Soft drinks, diet drinks linked to depression

Soft drinks, diet drinks linked to depression Staff
Published Saturday, Jan. 12, 2013

Drinking more than four sweetened beverages a day is definitely not great for your waistline, but it also might not be good for your mood.

A new study by the U.S. National Institutes of Health finds that fruit and soft drink drinkers are more likely to be diagnosed with depression than those who didn’t regularly drink sweetened beverages.

And interestingly, those who drink diet drinks made with artificial sweeteners were linked to an even higher likelihood of depression.
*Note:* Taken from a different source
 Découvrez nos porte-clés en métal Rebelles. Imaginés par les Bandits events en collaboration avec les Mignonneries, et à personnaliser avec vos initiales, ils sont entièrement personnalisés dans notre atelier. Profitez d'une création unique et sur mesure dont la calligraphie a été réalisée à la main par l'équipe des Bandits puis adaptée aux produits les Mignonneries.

The study was not able to show that soft drinks actually cause depression – only that the two appeared to be linked. But the study was a large one and the researchers say the link they spotted was significant.
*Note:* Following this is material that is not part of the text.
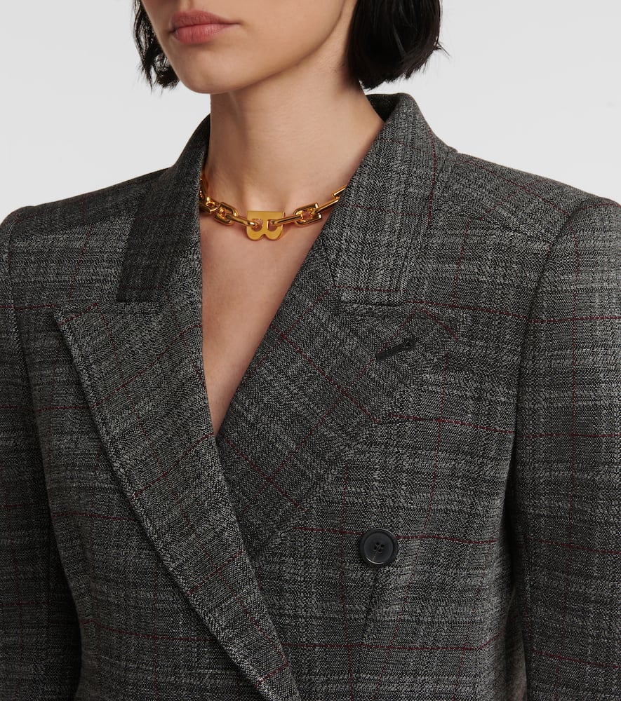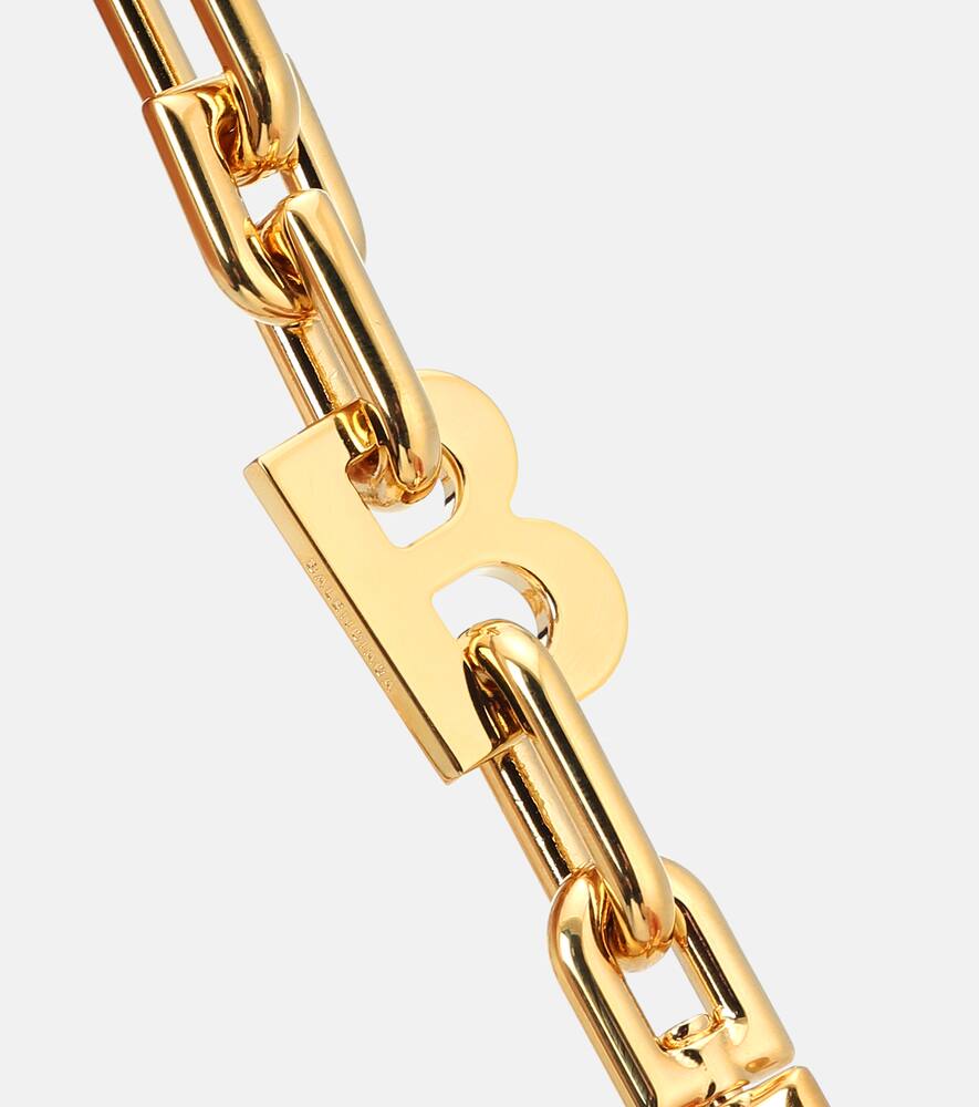 This Chain necklace by Balenciaga is a statement of modern minimalism and urban chic. Crafted in Italy from polished brass, the sleek, chain-link design gives it an edgy yet sophisticated feel. The shiny gold finish adds a touch of luxurious confidence, making it a versatile piece that can be worn alone for a subtle statement or layered with other necklaces for a bolder look. This piece symbolizes a blend of contemporary style and timeless elegance, perfect for adding a refined touch to any outfit.

Beginning in 1995, the researchers from the National Institute of Environmental Health Sciences had more 250,000 older adults who were between the ages of 50 to 71 to fill out questionnaires about the kinds of drinks they drank.

They then asked the participants again 10 years later about whether they had been diagnosed with depression since the year 2000. The participants reported a total of 11,311 depression diagnoses.

The researchers then looked back at their questionnaire responses and found that those who drank more than four cans of soda a day had a 30 per cent greater risk of depression than those who consumed none.

The same amount of fruit punch was tied to a 38 per cent higher risk. The risk was even greater for people who consumed diet drinks, whether soda, punch or iced tea.

Coffee, though, had the opposite effect. People who drank four cups of coffee each day had about a 10 per cent lower risk of developing depression than those who didn’t drink the stuff, the research found.

The findings were announced this week by the American Academy of Neurology and will be presented at the American Academy of Neurology’s annual meeting in San Diego in March.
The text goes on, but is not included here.